### Task material
# # # # # # #
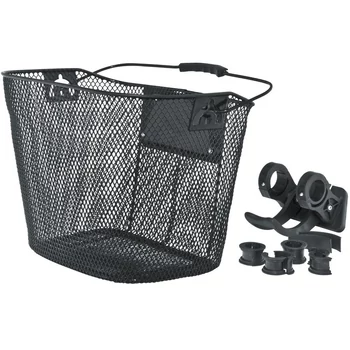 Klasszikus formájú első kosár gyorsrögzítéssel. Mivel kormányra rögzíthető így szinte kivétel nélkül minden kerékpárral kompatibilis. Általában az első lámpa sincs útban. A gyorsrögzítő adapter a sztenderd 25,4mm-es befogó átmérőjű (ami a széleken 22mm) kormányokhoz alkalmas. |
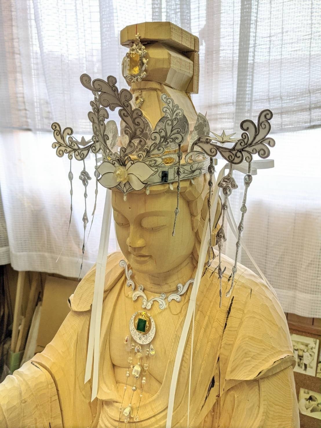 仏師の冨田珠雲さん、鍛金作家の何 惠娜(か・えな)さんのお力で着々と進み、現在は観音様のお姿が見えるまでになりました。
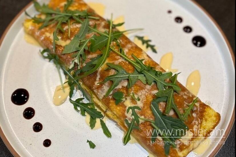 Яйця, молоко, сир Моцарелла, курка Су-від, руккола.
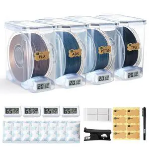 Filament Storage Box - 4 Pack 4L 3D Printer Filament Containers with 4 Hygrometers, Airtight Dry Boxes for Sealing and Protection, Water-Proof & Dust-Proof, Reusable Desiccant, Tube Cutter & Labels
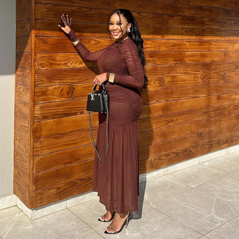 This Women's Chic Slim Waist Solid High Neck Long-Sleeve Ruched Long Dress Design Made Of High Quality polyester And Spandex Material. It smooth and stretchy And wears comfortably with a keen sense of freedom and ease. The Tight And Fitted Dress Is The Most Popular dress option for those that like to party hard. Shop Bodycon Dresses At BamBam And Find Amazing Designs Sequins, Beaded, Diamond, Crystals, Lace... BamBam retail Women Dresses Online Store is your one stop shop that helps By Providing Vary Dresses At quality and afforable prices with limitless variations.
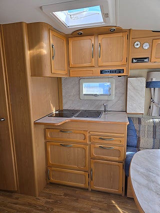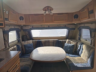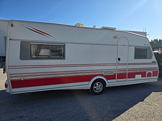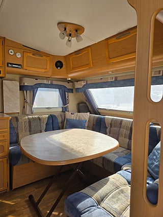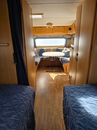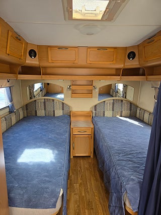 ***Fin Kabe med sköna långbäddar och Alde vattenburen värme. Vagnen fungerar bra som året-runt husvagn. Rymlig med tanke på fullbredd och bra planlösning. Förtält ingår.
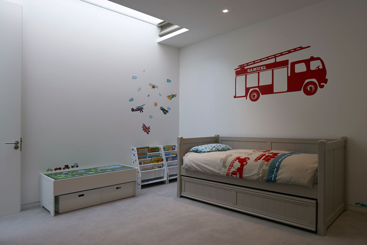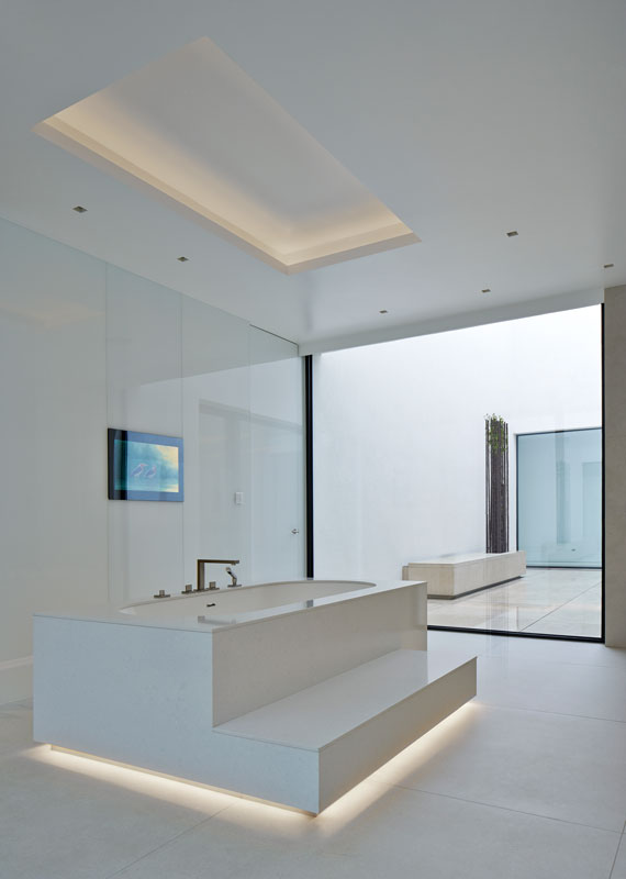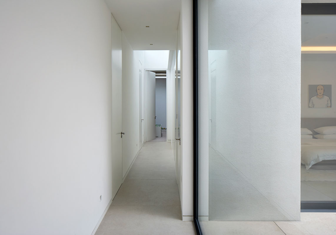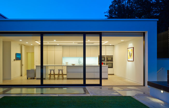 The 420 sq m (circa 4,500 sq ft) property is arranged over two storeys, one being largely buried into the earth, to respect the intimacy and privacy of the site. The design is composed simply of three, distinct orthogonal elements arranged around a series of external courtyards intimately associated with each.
# # # # # # #
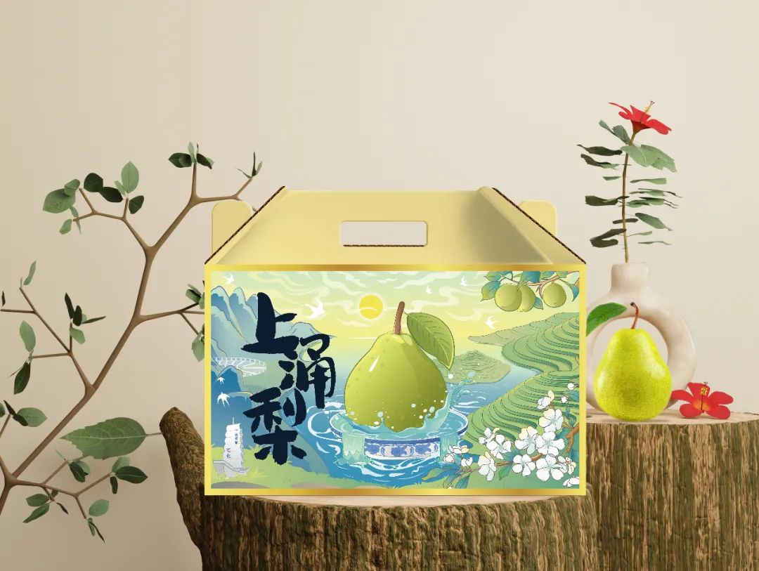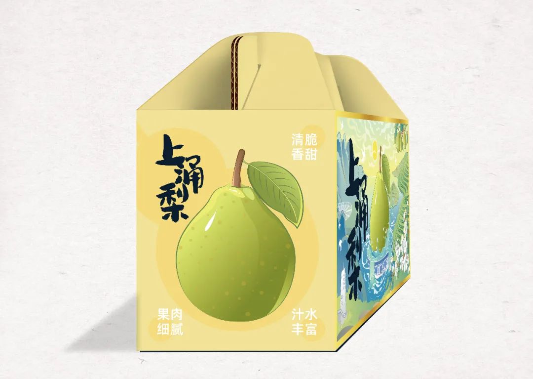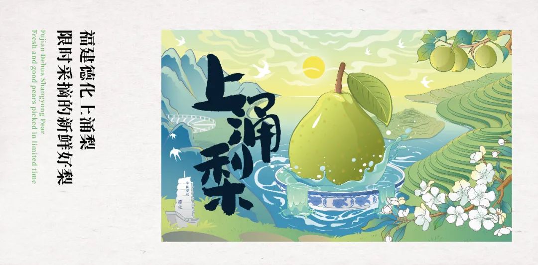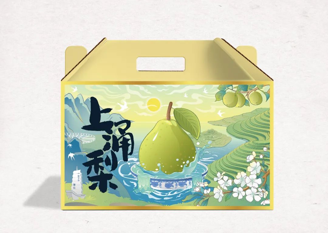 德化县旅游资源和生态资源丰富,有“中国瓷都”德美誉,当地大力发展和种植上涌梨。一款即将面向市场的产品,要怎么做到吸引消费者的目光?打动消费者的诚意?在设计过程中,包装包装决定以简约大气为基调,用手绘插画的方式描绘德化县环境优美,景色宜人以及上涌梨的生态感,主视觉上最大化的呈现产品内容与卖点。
# # # # # # #
### What is expected
Extract, without any images, the part of the material above that opens with the line containing "Klasszikus formájú első" and closes with the line containing "The 420 sq m", both lines included.

### Written answer
 Klasszikus formájú első kosár gyorsrögzítéssel. Mivel kormányra rögzíthető így szinte kivétel nélkül minden kerékpárral kompatibilis. Általában az első lámpa sincs útban. A gyorsrögzítő adapter a sztenderd 25,4mm-es befogó átmérőjű (ami a széleken 22mm) kormányokhoz alkalmas. |
 仏師の冨田珠雲さん、鍛金作家の何 惠娜(か・えな)さんのお力で着々と進み、現在は観音様のお姿が見えるまでになりました。
 Яйця, молоко, сир Моцарелла, курка Су-від, руккола.
 Filament Storage Box - 4 Pack 4L 3D Printer Filament Containers with 4 Hygrometers, Airtight Dry Boxes for Sealing and Protection, Water-Proof & Dust-Proof, Reusable Desiccant, Tube Cutter & Labels
 This Women's Chic Slim Waist Solid High Neck Long-Sleeve Ruched Long Dress Design Made Of High Quality polyester And Spandex Material. It smooth and stretchy And wears comfortably with a keen sense of freedom and ease. The Tight And Fitted Dress Is The Most Popular dress option for those that like to party hard. Shop Bodycon Dresses At BamBam And Find Amazing Designs Sequins, Beaded, Diamond, Crystals, Lace... BamBam retail Women Dresses Online Store is your one stop shop that helps By Providing Vary Dresses At quality and afforable prices with limitless variations.
 ***Fin Kabe med sköna långbäddar och Alde vattenburen värme. Vagnen fungerar bra som året-runt husvagn. Rymlig med tanke på fullbredd och bra planlösning. Förtält ingår.
 The 420 sq m (circa 4,500 sq ft) property is arranged over two storeys, one being largely buried into the earth, to respect the intimacy and privacy of the site. The design is composed simply of three, distinct orthogonal elements arranged around a series of external courtyards intimately associated with each.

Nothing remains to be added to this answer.